Temperature and Entropy of an ideal gas

[moonkey]

Homework Statement

One mole of an ideal gas is confined to a vessel of volume 4L at a temperature of 300°C. The vessel is placed inside a container of volume 200L and the gas is released.

(a) What is the final temperature of the gas if it's expansion into the container is adiabatic?

(b) What would be the change in entropy if the expansion were isothermal?

Homework Equations

The Attempt at a Solution

Not worth showing. I've been at this question and four others for more than 10hours over the last two days and I only have one of them done.
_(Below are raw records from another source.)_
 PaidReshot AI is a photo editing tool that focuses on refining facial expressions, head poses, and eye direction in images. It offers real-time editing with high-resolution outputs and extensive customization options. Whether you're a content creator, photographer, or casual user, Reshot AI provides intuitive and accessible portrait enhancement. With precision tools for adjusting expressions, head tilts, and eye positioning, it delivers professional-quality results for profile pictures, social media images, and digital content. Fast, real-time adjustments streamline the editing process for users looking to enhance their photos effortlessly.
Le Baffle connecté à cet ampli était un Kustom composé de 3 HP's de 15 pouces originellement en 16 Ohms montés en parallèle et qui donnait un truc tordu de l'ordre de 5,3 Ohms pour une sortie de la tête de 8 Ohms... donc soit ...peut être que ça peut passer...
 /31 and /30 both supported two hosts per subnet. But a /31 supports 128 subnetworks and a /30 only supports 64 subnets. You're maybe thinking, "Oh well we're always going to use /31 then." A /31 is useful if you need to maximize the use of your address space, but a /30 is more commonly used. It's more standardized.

I'd appreciate any helpful hints.

 

[The legend]

do you know what the relevant equations are?
If you do, then you can quite easily solve the problem knowing
v1, t1, v2...you can find t2.

 

[Andrew Mason]

Homework Statement

One mole of an ideal gas is confined to a vessel of volume 4L at a temperature of 300°C. The vessel is placed inside a container of volume 200L and the gas is released.
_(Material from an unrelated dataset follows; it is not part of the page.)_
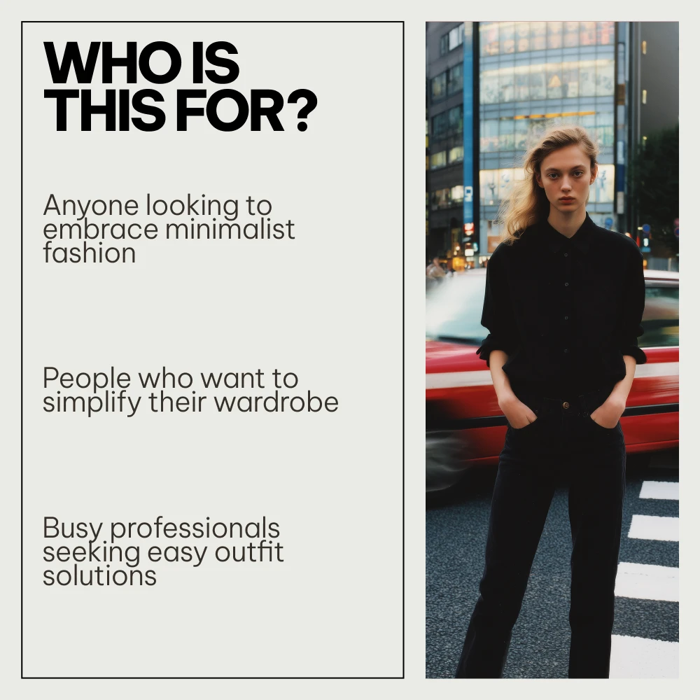 This bundle is perfect for fashion enthusiasts, busy professionals, or anyone looking to simplify their closet without sacrificing style. Unlike other digital resources, the Minimal Trends Toolkit for Outfit Planning gives you everything you need to not only embrace minimalism but also stay on top of what minimal outfits are trending now. You’ll find practical tips, actionable steps, and expert insights in one easy-to-use package.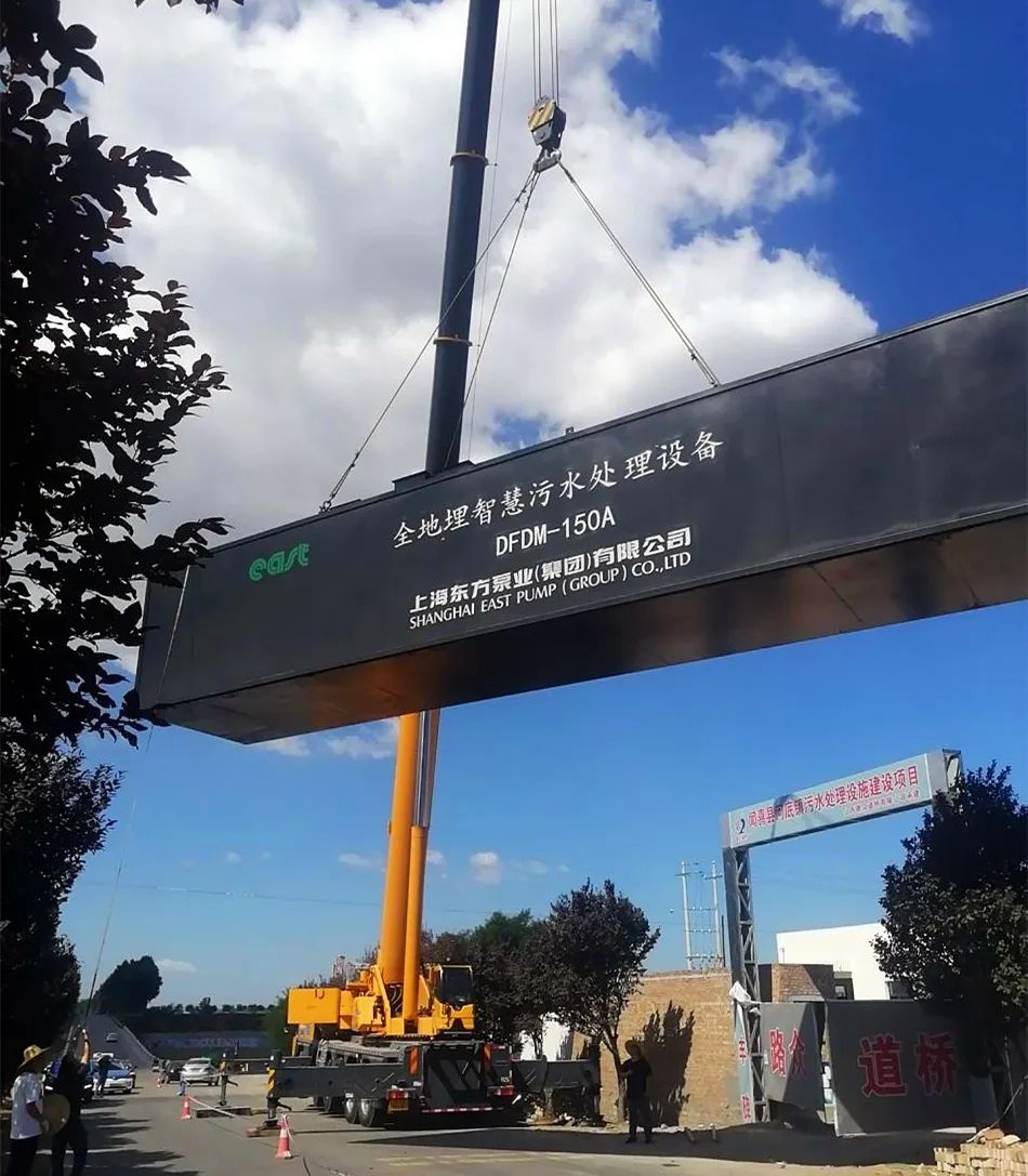 本項(xiàng)目含三個(gè)鄉(xiāng)鎮(zhèn)的污水處理,設(shè)計(jì)污水處理量分別為:河底鎮(zhèn)450m³/d、呱底鎮(zhèn)450m³/d、薛店鎮(zhèn)100m³/d,根據(jù)當(dāng)?shù)嘏欧艠?biāo)準(zhǔn)要求,出水達(dá)到《城鎮(zhèn)污水處理廠污染物排放標(biāo)準(zhǔn)》(GB18918-2002)表1中的一級(jí)A標(biāo)準(zhǔn)。因此,選擇穩(wěn)定、可靠的污水處理設(shè)備至關(guān)重要,東方泵業(yè)在得知項(xiàng)目方的需求后,前往項(xiàng)目地進(jìn)行考察,最終為該項(xiàng)目定制設(shè)計(jì)生產(chǎn)8臺(tái)東方智慧一體化污水處理設(shè)備,以滿足項(xiàng)目處理水量要求。由于上海疫情影響,為滿足現(xiàn)場(chǎng)工期進(jìn)度,東方泵業(yè)在疫情封控期間,組織相關(guān)部門針對(duì)產(chǎn)品方案、技術(shù)生產(chǎn)全面協(xié)調(diào)溝通,敦促生產(chǎn),解封后迅速對(duì)設(shè)備進(jìn)行組裝及調(diào)試,較大程度上縮短了現(xiàn)場(chǎng)設(shè)備安裝及調(diào)試時(shí)間。

(a) What is the final temperature of the gas if it's expansion into the container is adiabatic?

(b) What would be the change in entropy if the expansion were isothermal?

Homework Equations

The Attempt at a Solution

Not worth showing. I've been at this question and four others for more than 10hours over the last two days and I only have one of them done. I'd appreciate any helpful hints.

Start by answering these questions (assume the 200L container is empty to start):

1. Does the gas do any work in expanding into the 200L space?

2. Apply the first law. If there is no heat flow (adiabatic) what is the change in internal energy? That will give you the change in temperature: $\Delta U = nC_v\Delta T$

3. To calculate the change in entropy you have to determine integral of dQ/T over the reversible path between the beginning and end state. In the reversible path, the gas would maintain constant temperature but it would be doing work. So what is the expression for dQ?

AM